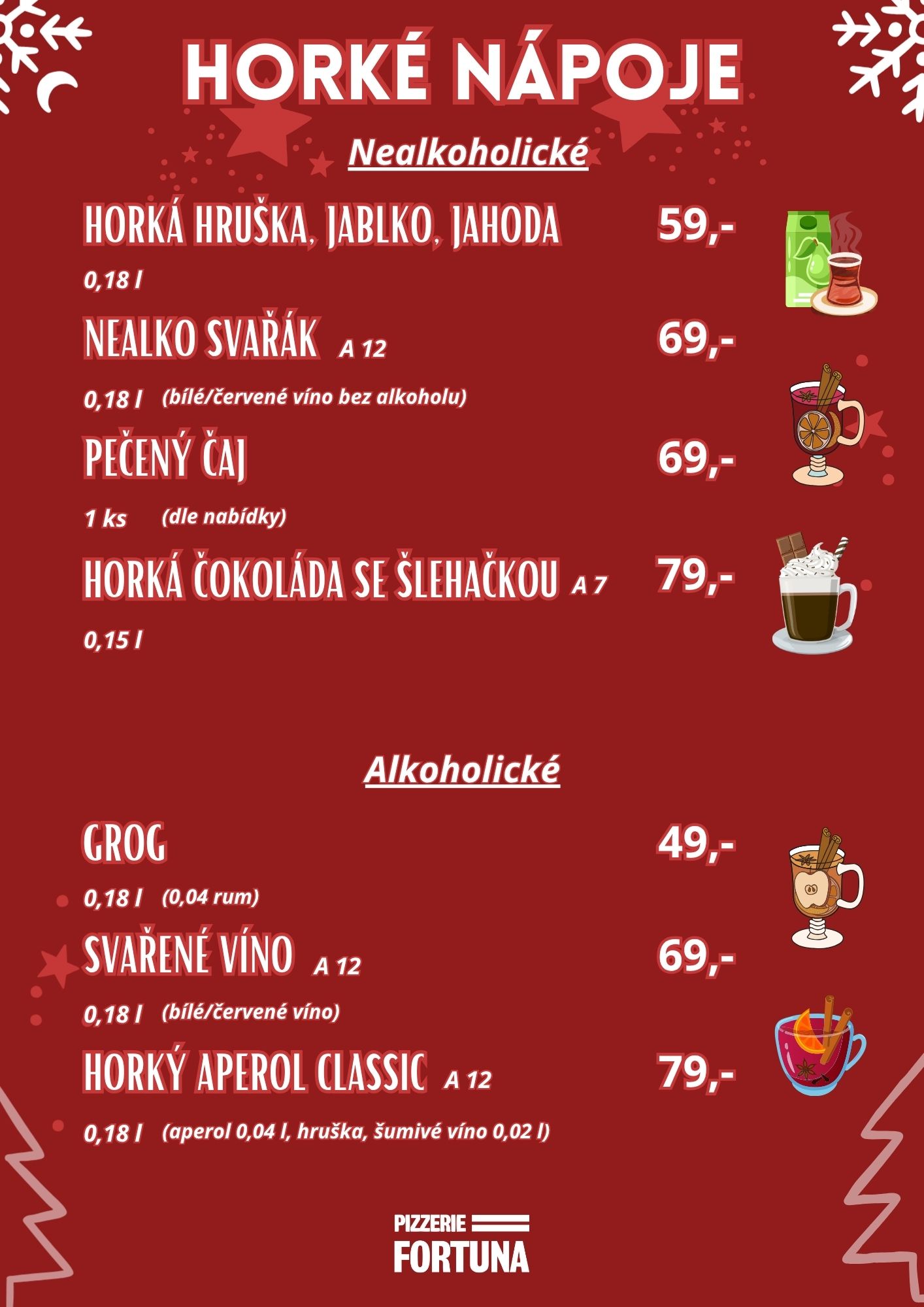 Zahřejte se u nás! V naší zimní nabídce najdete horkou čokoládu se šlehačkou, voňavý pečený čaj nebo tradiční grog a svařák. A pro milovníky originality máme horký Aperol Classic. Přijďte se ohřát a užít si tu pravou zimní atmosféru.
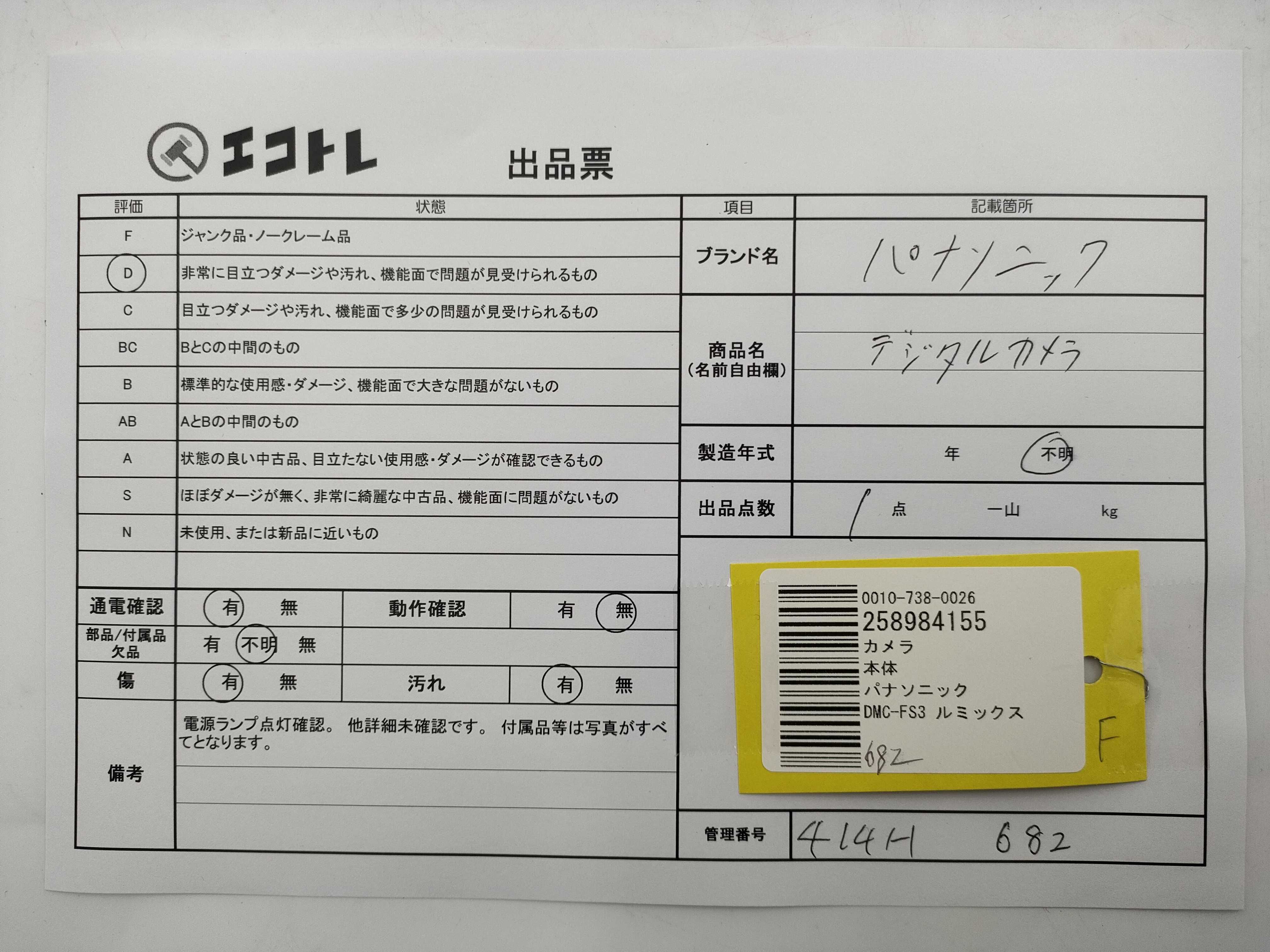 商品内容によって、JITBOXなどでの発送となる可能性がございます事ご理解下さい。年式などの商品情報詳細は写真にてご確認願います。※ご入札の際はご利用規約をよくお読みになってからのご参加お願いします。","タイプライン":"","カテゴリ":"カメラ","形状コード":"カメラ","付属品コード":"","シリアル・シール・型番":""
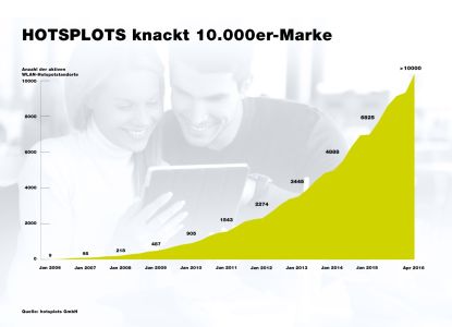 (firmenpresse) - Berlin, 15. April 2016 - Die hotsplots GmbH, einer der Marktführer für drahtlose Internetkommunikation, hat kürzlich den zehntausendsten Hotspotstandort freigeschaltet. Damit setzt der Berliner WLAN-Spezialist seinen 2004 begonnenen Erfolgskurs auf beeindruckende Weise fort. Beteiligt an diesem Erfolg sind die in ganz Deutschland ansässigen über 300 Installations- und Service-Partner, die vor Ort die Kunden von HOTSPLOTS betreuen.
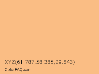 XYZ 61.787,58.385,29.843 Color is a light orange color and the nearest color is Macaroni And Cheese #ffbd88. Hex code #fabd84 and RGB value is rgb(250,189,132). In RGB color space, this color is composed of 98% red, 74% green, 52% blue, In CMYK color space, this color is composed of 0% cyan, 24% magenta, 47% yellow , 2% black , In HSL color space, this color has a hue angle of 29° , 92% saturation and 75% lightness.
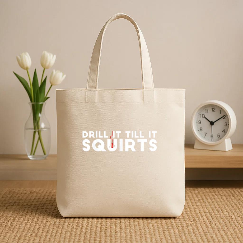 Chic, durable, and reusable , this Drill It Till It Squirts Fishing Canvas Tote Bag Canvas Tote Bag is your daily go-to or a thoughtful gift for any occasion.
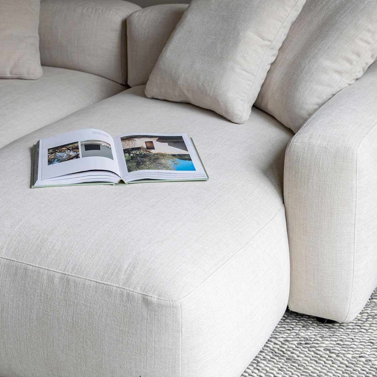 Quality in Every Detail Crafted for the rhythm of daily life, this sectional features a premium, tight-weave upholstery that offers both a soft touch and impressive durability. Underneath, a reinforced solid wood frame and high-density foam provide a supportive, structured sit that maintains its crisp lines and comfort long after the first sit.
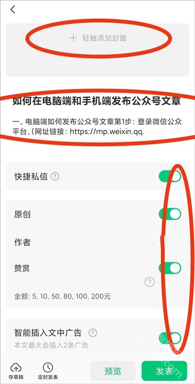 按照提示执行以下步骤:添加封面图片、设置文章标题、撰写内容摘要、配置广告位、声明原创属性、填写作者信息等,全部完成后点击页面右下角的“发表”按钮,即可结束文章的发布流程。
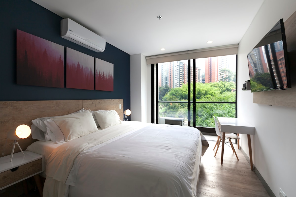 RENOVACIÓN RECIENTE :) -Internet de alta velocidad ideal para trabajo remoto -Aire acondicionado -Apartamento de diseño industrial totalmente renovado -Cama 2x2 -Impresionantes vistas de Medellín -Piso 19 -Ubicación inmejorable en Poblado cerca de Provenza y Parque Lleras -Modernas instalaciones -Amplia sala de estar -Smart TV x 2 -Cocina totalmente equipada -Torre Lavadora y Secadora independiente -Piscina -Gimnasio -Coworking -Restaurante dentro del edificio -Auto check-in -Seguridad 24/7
+ + + +
For your answer, write out the data exactly and drop every picture.

 Zahřejte se u nás! V naší zimní nabídce najdete horkou čokoládu se šlehačkou, voňavý pečený čaj nebo tradiční grog a svařák. A pro milovníky originality máme horký Aperol Classic. Přijďte se ohřát a užít si tu pravou zimní atmosféru.
 商品内容によって、JITBOXなどでの発送となる可能性がございます事ご理解下さい。年式などの商品情報詳細は写真にてご確認願います。※ご入札の際はご利用規約をよくお読みになってからのご参加お願いします。","タイプライン":"","カテゴリ":"カメラ","形状コード":"カメラ","付属品コード":"","シリアル・シール・型番":""
 (firmenpresse) - Berlin, 15. April 2016 - Die hotsplots GmbH, einer der Marktführer für drahtlose Internetkommunikation, hat kürzlich den zehntausendsten Hotspotstandort freigeschaltet. Damit setzt der Berliner WLAN-Spezialist seinen 2004 begonnenen Erfolgskurs auf beeindruckende Weise fort. Beteiligt an diesem Erfolg sind die in ganz Deutschland ansässigen über 300 Installations- und Service-Partner, die vor Ort die Kunden von HOTSPLOTS betreuen.
 XYZ 61.787,58.385,29.843 Color is a light orange color and the nearest color is Macaroni And Cheese #ffbd88. Hex code #fabd84 and RGB value is rgb(250,189,132). In RGB color space, this color is composed of 98% red, 74% green, 52% blue, In CMYK color space, this color is composed of 0% cyan, 24% magenta, 47% yellow , 2% black , In HSL color space, this color has a hue angle of 29° , 92% saturation and 75% lightness.
 Chic, durable, and reusable , this Drill It Till It Squirts Fishing Canvas Tote Bag Canvas Tote Bag is your daily go-to or a thoughtful gift for any occasion.
 Quality in Every Detail Crafted for the rhythm of daily life, this sectional features a premium, tight-weave upholstery that offers both a soft touch and impressive durability. Underneath, a reinforced solid wood frame and high-density foam provide a supportive, structured sit that maintains its crisp lines and comfort long after the first sit.
 按照提示执行以下步骤:添加封面图片、设置文章标题、撰写内容摘要、配置广告位、声明原创属性、填写作者信息等,全部完成后点击页面右下角的“发表”按钮,即可结束文章的发布流程。
 RENOVACIÓN RECIENTE :) -Internet de alta velocidad ideal para trabajo remoto -Aire acondicionado -Apartamento de diseño industrial totalmente renovado -Cama 2x2 -Impresionantes vistas de Medellín -Piso 19 -Ubicación inmejorable en Poblado cerca de Provenza y Parque Lleras -Modernas instalaciones -Amplia sala de estar -Smart TV x 2 -Cocina totalmente equipada -Torre Lavadora y Secadora independiente -Piscina -Gimnasio -Coworking -Restaurante dentro del edificio -Auto check-in -Seguridad 24/7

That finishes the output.